• _WHAT THIS TASK INVOLVES_: Return all of the data exactly, omitting any images.

*** Opening RECORDS FOR THE TASK ***

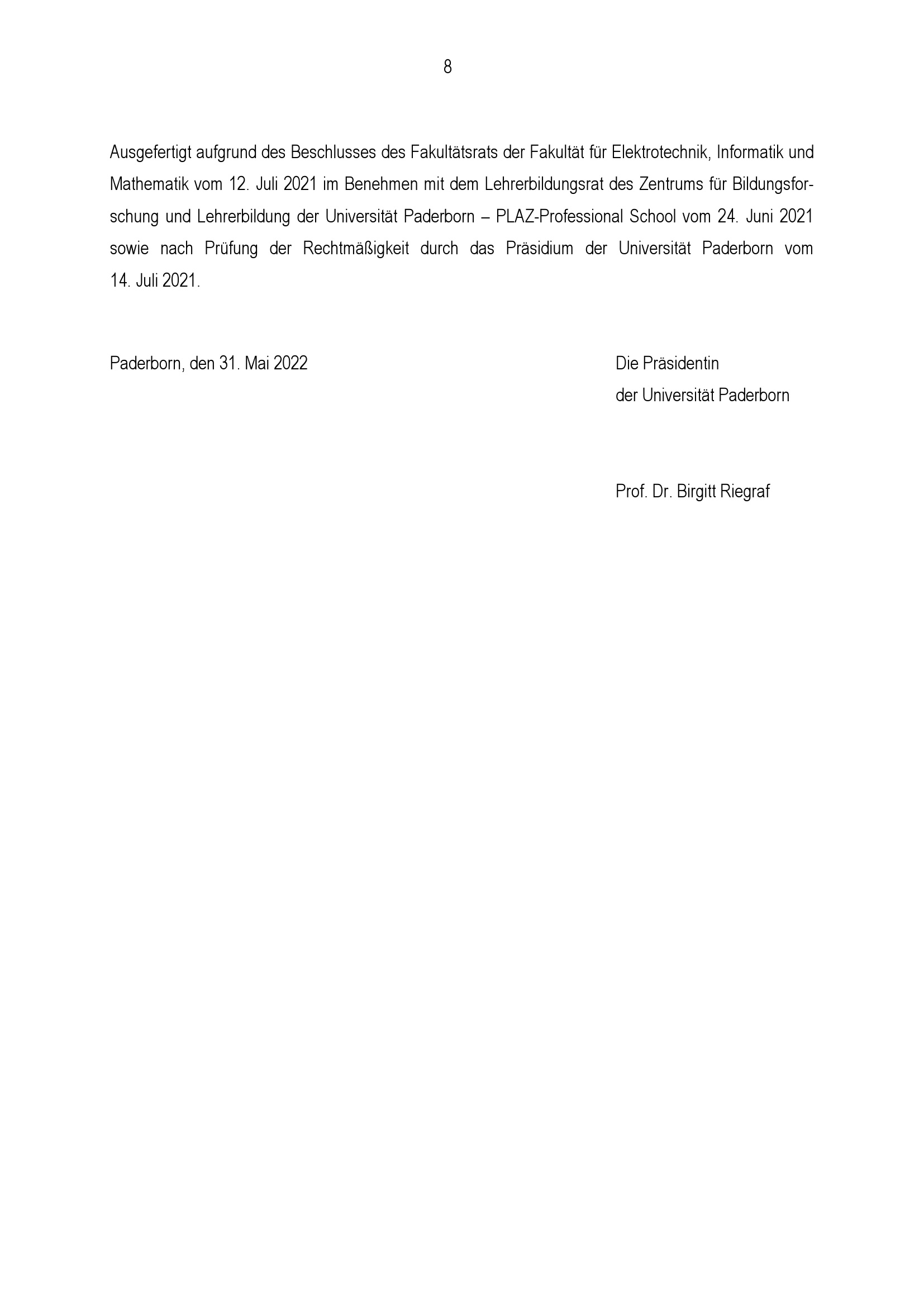 Besondere Bestimmungen der Prüfungsordnung für den Bachelorstudiengang Lehramt an Gymnasien und Gesamtschulen mit dem Unterrichtsfach Mathematik an der Universität Paderborn : vom 31. Mai 2022
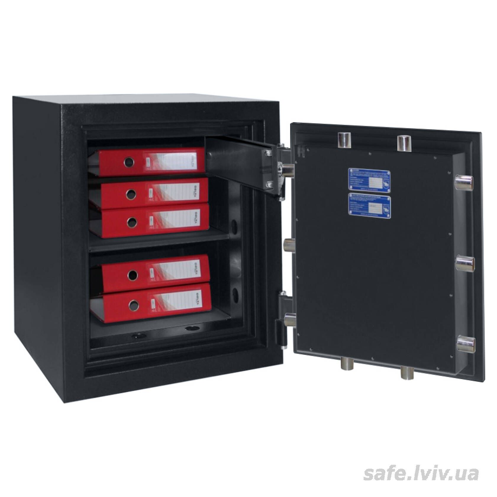 - Конструкція: корпус 80 мм (сталь - зламостійкий бетон - сталь), двері 80 мм (сталь - зламостійкий бетон - сталь); ригельна система чотиристороння, 10 ригелів Ø 25 мм.
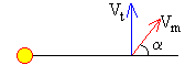 Choque de un meteorito con la Tierra.Establecemos un sistema inercial de referencia con origen en el Sol, la Tierra justamente antes del choque está situada en el eje X a una distancia R del Sol, y se mueve a lo largo del eje Y con velocidad Vt. El meteorito se mueve con velocidad Vm relativa al Sol haciendo un ángulo α con el eje X, tal como se indica en la figura. Aplicando el principio de conservación del momento lineal
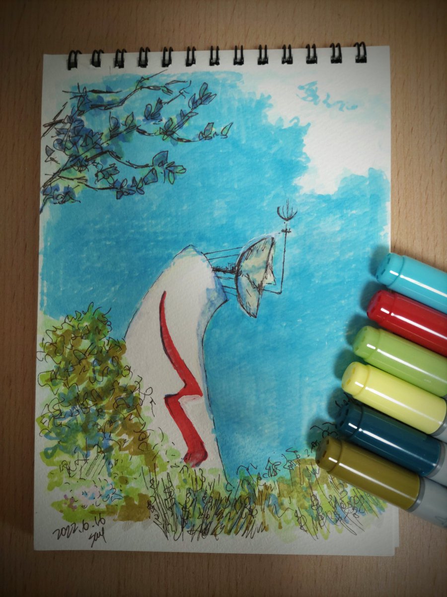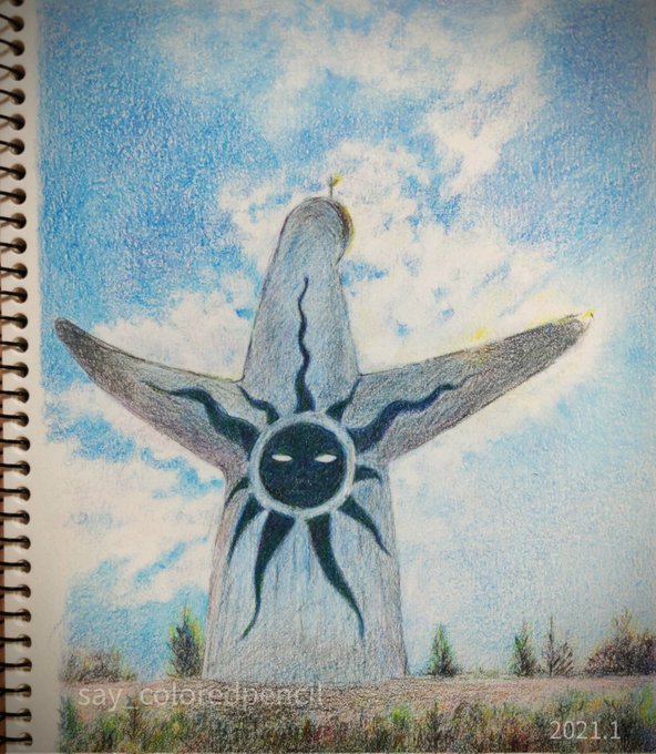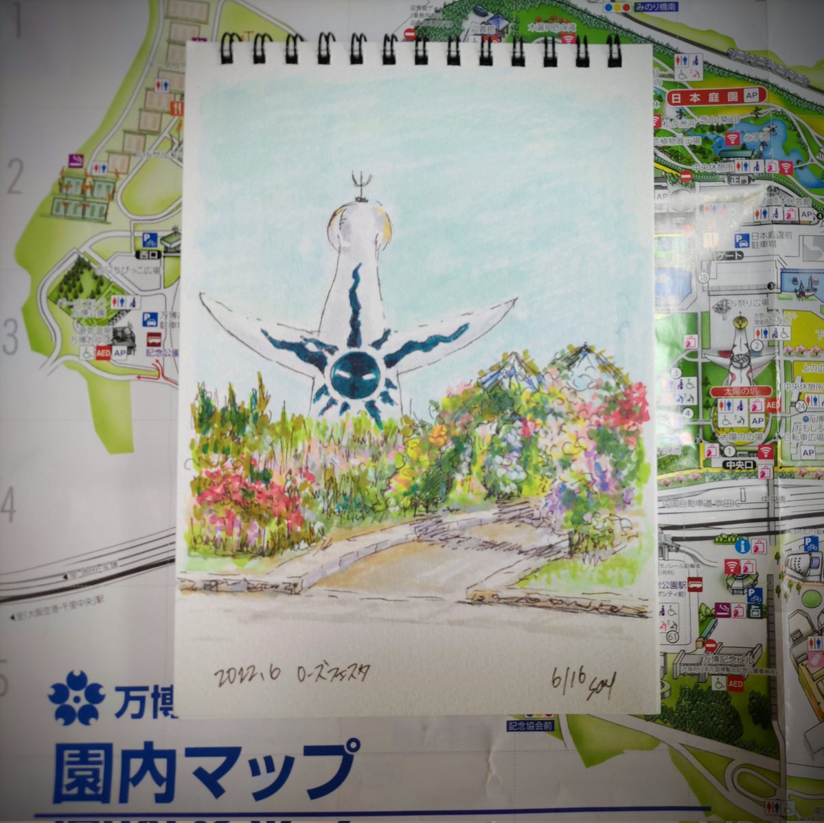 【太陽の塔・よこがお】2022.6 太陽の塔、連投で〜す😝 朝から2枚描いた〜💖 大好きな場所、楽しかった思い出 サクッと描き留めておくの楽しい🥰 太陽の塔の横顔、曲線が好き🥰 猫背なのになぁ😅 赤い稲妻がカッコイイ✨ #太陽の塔 #万博記念公園 #コピック #taiyounotou #expo70park #copic
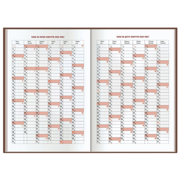Одна сторінка – один робочий день, субота та неділя на одній сторінці, інформаційний блок – 4 сторінки, блок для нотаток в клітинку - 14 сторінок.
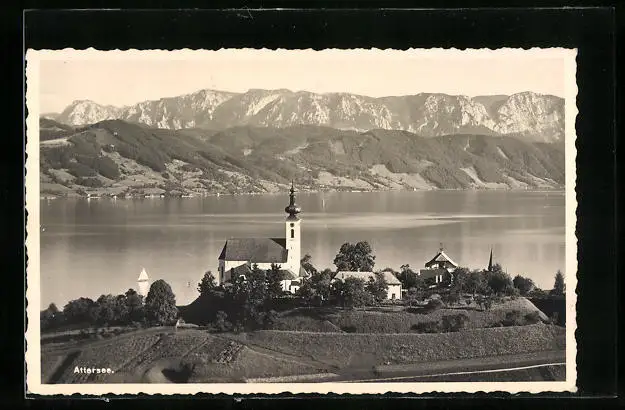 AK Attersee, Uferpartie mit Kirche

*** Closing RECORDS FOR THE TASK ***

• _EXERCISE OUTPUT_:
 Besondere Bestimmungen der Prüfungsordnung für den Bachelorstudiengang Lehramt an Gymnasien und Gesamtschulen mit dem Unterrichtsfach Mathematik an der Universität Paderborn : vom 31. Mai 2022
 - Конструкція: корпус 80 мм (сталь - зламостійкий бетон - сталь), двері 80 мм (сталь - зламостійкий бетон - сталь); ригельна система чотиристороння, 10 ригелів Ø 25 мм.
 Choque de un meteorito con la Tierra.Establecemos un sistema inercial de referencia con origen en el Sol, la Tierra justamente antes del choque está situada en el eje X a una distancia R del Sol, y se mueve a lo largo del eje Y con velocidad Vt. El meteorito se mueve con velocidad Vm relativa al Sol haciendo un ángulo α con el eje X, tal como se indica en la figura. Aplicando el principio de conservación del momento lineal
 【太陽の塔・よこがお】2022.6 太陽の塔、連投で〜す😝 朝から2枚描いた〜💖 大好きな場所、楽しかった思い出 サクッと描き留めておくの楽しい🥰 太陽の塔の横顔、曲線が好き🥰 猫背なのになぁ😅 赤い稲妻がカッコイイ✨ #太陽の塔 #万博記念公園 #コピック #taiyounotou #expo70park #copic
Одна сторінка – один робочий день, субота та неділя на одній сторінці, інформаційний блок – 4 сторінки, блок для нотаток в клітинку - 14 сторінок.
 AK Attersee, Uferpartie mit Kirche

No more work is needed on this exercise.